Quantifying the information transduction of biochemical reaction cascades: transcription of mRNA from ligand stimulation
Tatsuaki Tsuruyama

TL;DR
This paper introduces a novel method to quantify signal transduction in biochemical cascades, linking channel capacity to entropy production and work done, exemplified on the MAPK pathway.
Contribution
It develops a quantitative approach to measure information transfer in biochemical cascades based on entropy and work, advancing understanding of cellular signaling.
Findings
Channel capacities are equivalent and determined by entropy production rate.
Signal transduction correlates with fluctuations in entropy production.

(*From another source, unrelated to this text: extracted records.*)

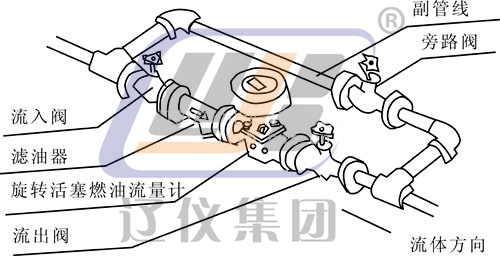 該流量計必須與濾油器配套使用而用水平安裝(即表盤在水平位置),安裝時要注意流體流向,應(yīng)符合流量計主體上的箭頭所示方向。為了使工藝設(shè)備不停止運轉(zhuǎn)即可檢修流量計與清洗濾油器,應(yīng)裝設(shè)副管線,可參照下面的安裝示意圖。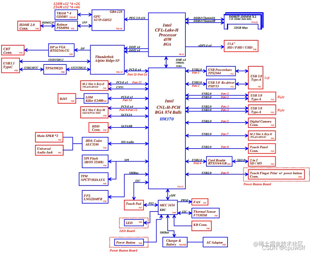玩驱动,怎么能没有原理图。找到一个看笔记本主板原理图的,虽然这里的平台CFL,CNL都很老,但是相对于我脑中装的对Intel的理解,这绝对是很先进的图纸。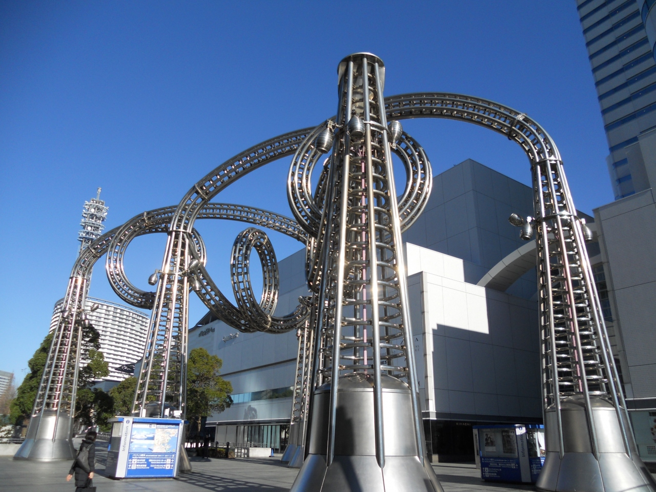 横浜みなとみらいの「ランドマークタワー」と「クィーンズ・タワー」の間の広場にある、巨大なステンレス製のオブジェです。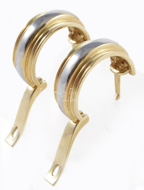 Fehér- és sárga arany (Au) fülbevaló pár, 14k, jelzett, nettó 7,3g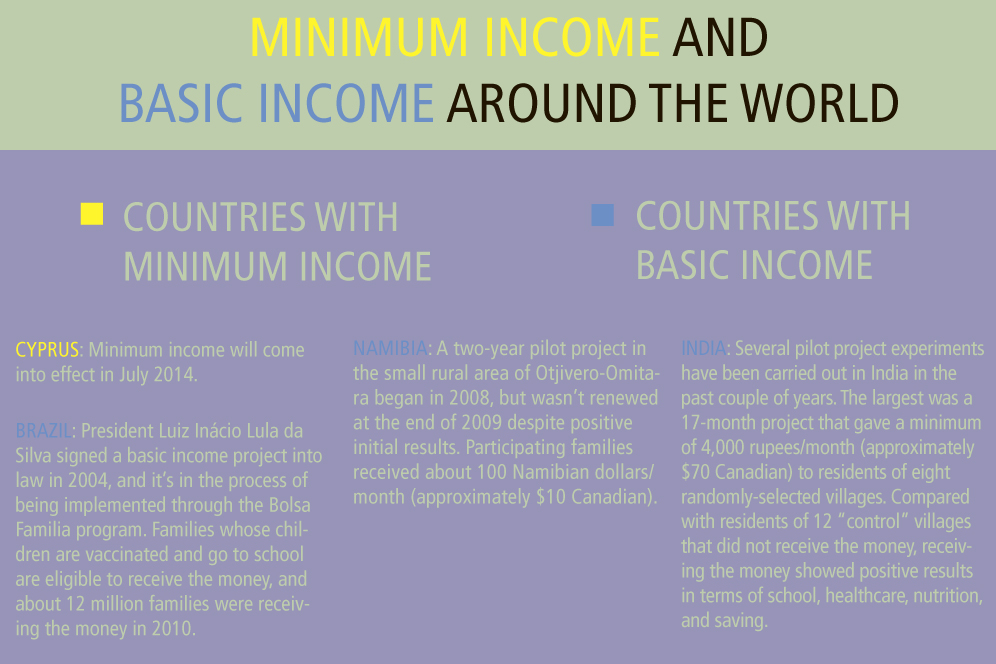 In October 2013, the Basic Income Initiative in Switzerland submitted 126,000 signatures in favour of its proposal for each resident to receive an unconditional basic income of 2,500 Swiss francs a month (or $3,072 in Canada). Unconditional basic income is exactly what it sounds like: the proposed project would provide each recipient with an amount deemed sufficient for survival, without consideration of participation in the workforce. The number of signatures collected in the Swiss case surpassed the 100,000 needed to call a national referendum, so the unconditional basic income proposal will be put to a vote. No date has yet been announced, but laws stipulate it must take place within two or three years.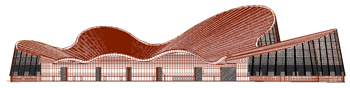 南通大劇院造型獨特,形似鋼琴、狀如紙鳶。幕墻建筑高度57m,分為玻璃幕墻系統(tǒng)、開放式石材幕墻系統(tǒng)、開縫鋁板幕墻系統(tǒng)、門窗系統(tǒng)、異形屋面系統(tǒng)等,幕墻及屋面總面積達(dá)到8.5萬㎡。

The method successfully quantifies MAPK cascade signal transduction.
Abstract
A cell has the ability to convert an environmental change into the expression of genetic information through a chain of intracellular signal transduction reactions. Here, we aimed to develop a method for quantifying this signal transduction. We showed that the channel capacities of individual steps in a given general model cascade were equivalent in an independent manner, and were given by the entropy production rate. Signal transduction was transmitted by fluctuation of the entropy production rate and quantified transduction was estimated by the work done in individual steps. If the individual step representing the modification to demodification of the signal molecules is considered to be a Szilard engine, the maximal work done is equivalent to the chemical potential change of the messenger that is consumed during the modification reaction. Our method was applicable to calculate the…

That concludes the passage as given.